The cost of a merge scales with the delta, not with the state: branches the delta never mentions are never visited. Keyed lists are the exception, because a touched list is scanned in full to index its identities. Updating one item in a list of ten thousand costs O(list), not O(1).

Config paths are trusted strings. Bad grammar and contradictory policies throw when the merger is created, and a policy that lands on the wrong runtime shape usually throws during the merge. A typo such as `"order.itmes"`, however, is valid syntax: the real `order.items` stays unkeyed and quietly replaces wholesale.

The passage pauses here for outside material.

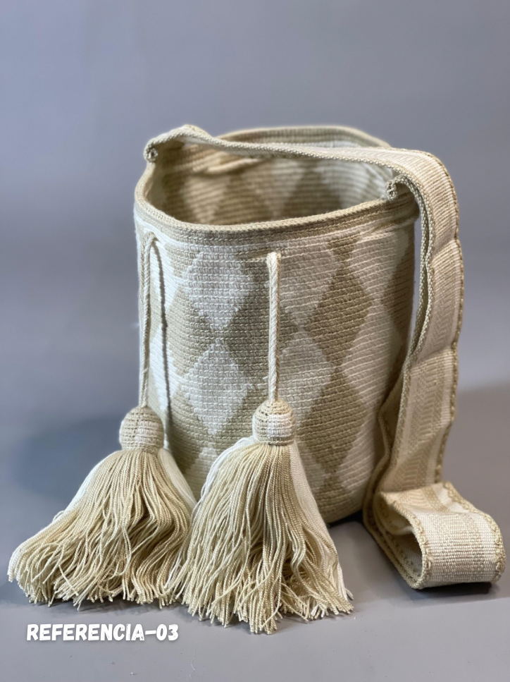 Material Principal: Tejido Wayuu elaborado con hilo de algodón de alta calidad, resistente y suave al tacto.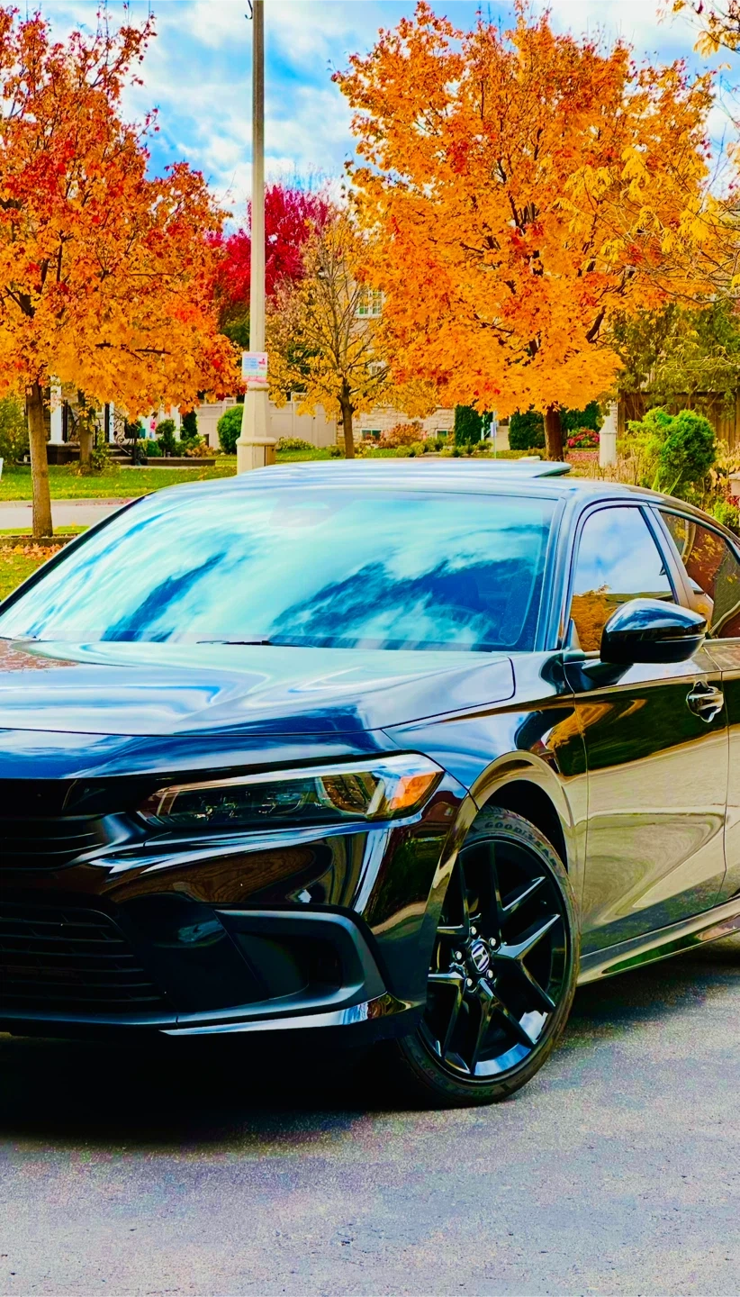 Black 2024 Honda Civic Sport sedan. Comes with alloy wheels and a sport body kit. Low mileage and well-maintained.

Validating wire input is the caller's job. `keyfold` does not inspect untrusted data, and validating a delta is not the same as validating full state: deltas are partial and can carry tombstones or the wire token. `Delta<T>` prevents the in-memory `DELETE` symbol from deleting required fields, but that static protection cannot extend to `DELETE_TOKEN`: TypeScript cannot exclude one reserved literal from a general `string` field.

`Delta<T>` cannot know which arrays are keyed. It admits `$delete` on object array items, then runtime policy decides whether that operator is meaningful. Likewise, the type cannot prove that a newly inserted keyed item or a wholesale replacement contains every field your application needs.

Identity fields are the caller's central responsibility: they must remain stable and unique within each list. Two names are reserved in exchange: `$delete` cannot be a real field on keyed entities, and with `wireDeletes: true` the string `"@@keyfold/delete"` can no longer be stored as ordinary field data. Field deletes over JSON also require both ends to speak that protocol; a third-party producer needs a translation layer.

Inputs are assumed to be finite, JSON-shaped trees. A cyclic base or delta is outside the contract and overflows the call stack; `keyfold` spends no cycles detecting it.